_WHAT THIS TASK INVOLVES_
Reproduce, exactly and only, the lines of the data that follows from the one containing "телімпався цілих п’ять." down to the one containing "2. Through 3", without pictures.

_SUPPLIED MATERIAL_
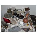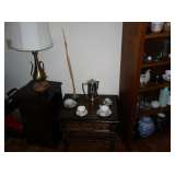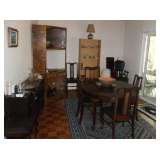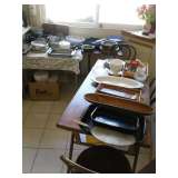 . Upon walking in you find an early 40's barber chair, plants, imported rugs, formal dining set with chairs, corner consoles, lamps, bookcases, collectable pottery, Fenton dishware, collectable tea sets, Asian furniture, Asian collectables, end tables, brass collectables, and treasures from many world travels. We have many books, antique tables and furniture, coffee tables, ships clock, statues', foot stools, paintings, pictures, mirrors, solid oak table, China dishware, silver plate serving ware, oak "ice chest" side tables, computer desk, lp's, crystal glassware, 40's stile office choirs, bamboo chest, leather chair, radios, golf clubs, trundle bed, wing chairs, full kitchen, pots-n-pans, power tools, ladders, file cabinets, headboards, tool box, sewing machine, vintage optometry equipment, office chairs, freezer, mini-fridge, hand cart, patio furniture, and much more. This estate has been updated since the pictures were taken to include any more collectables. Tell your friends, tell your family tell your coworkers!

--

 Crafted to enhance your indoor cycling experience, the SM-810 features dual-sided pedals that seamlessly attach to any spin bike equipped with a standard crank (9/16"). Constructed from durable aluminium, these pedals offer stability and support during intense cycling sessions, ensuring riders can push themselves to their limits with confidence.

--

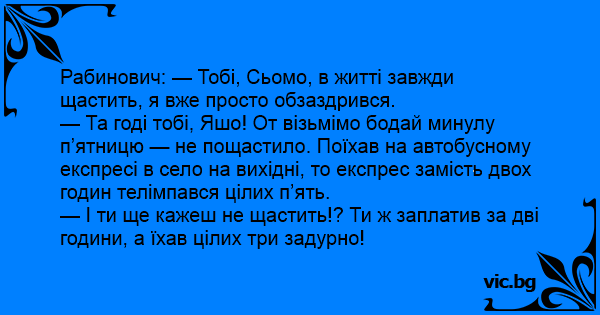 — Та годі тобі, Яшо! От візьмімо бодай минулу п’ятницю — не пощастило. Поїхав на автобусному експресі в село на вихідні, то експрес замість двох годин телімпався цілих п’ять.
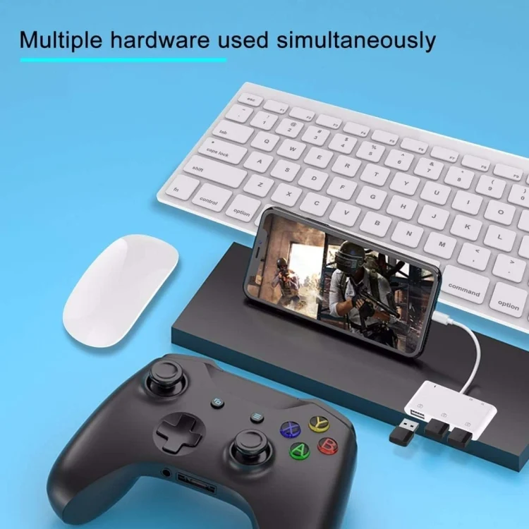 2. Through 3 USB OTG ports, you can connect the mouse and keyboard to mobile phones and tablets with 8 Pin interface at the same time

_OUTPUT FOR THIS EXERCISE_
 — Та годі тобі, Яшо! От візьмімо бодай минулу п’ятницю — не пощастило. Поїхав на автобусному експресі в село на вихідні, то експрес замість двох годин телімпався цілих п’ять.
 2. Through 3 USB OTG ports, you can connect the mouse and keyboard to mobile phones and tablets with 8 Pin interface at the same time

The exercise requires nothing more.